** What to do **
The reply should consist solely of the lines from the one that holds "Sauermilch, N.F.: 2004" through the last line of the material, reproduced exactly; no pictures belong in it.

** Information given **
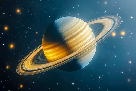 A luminous celestial body with a majestic ring structure orbits amidst countless twinkling stars in the dark expanse of space.
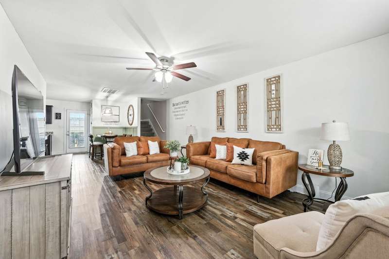 This beautiful home features charming brick front with vinyl siding an offers 3 spacious bedrooms, 2 full baths, and 1 half bath. Inside you will find wood flooring a large great room that opens to a dining area or cozy breakfast nook perfect for entertaining or relaxing with the family THe layout includes a separate laundry room for added convenience and a 2 car garage Step outside to a enjoy. THe covered patio with an added extension ideal for outdoor gatherings A privacy fence surrounds the back yard offering peace and seclusion. Don't miss this move -in ready gem! Its better than New!!!
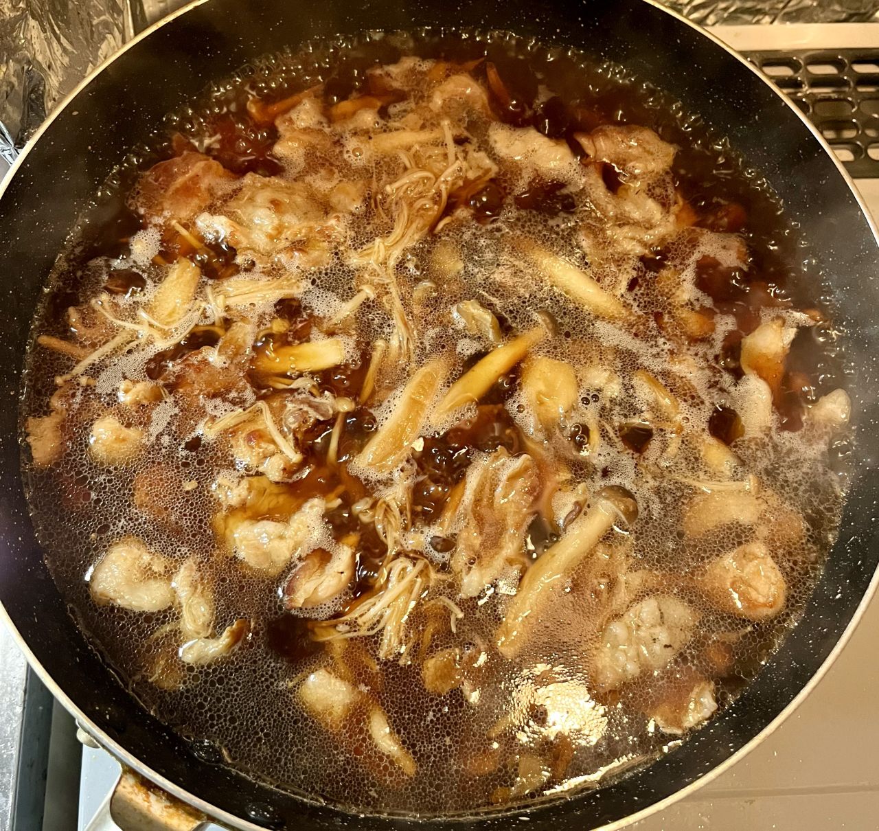炒めているところです。茶色、茶色、茶色・・・。香ばしい香りも漂ってきます。
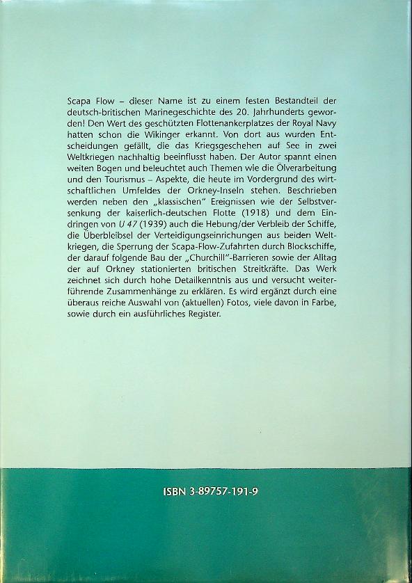 Sauermilch, N.F.: 2004 Hauschild Bremen, hardcover with dust jacket, 271 pages, illustrated. a century of British and German naval history through the strategic anchorage of Scapa Flow, focusing on its role in both World Wars and its close connection to the Orkney Islands. The book combines historical narrative with photographs and documentation to show how this base and its surroundings evolved militarily and politically over time. ISBN 9783897571914 / 3897571919 In very good condition
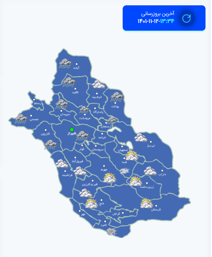 نقشه هواشناسی بعداز ظهر 12 بهمن فارس

** Reply **
 Sauermilch, N.F.: 2004 Hauschild Bremen, hardcover with dust jacket, 271 pages, illustrated. a century of British and German naval history through the strategic anchorage of Scapa Flow, focusing on its role in both World Wars and its close connection to the Orkney Islands. The book combines historical narrative with photographs and documentation to show how this base and its surroundings evolved militarily and politically over time. ISBN 9783897571914 / 3897571919 In very good condition
 نقشه هواشناسی بعداز ظهر 12 بهمن فارس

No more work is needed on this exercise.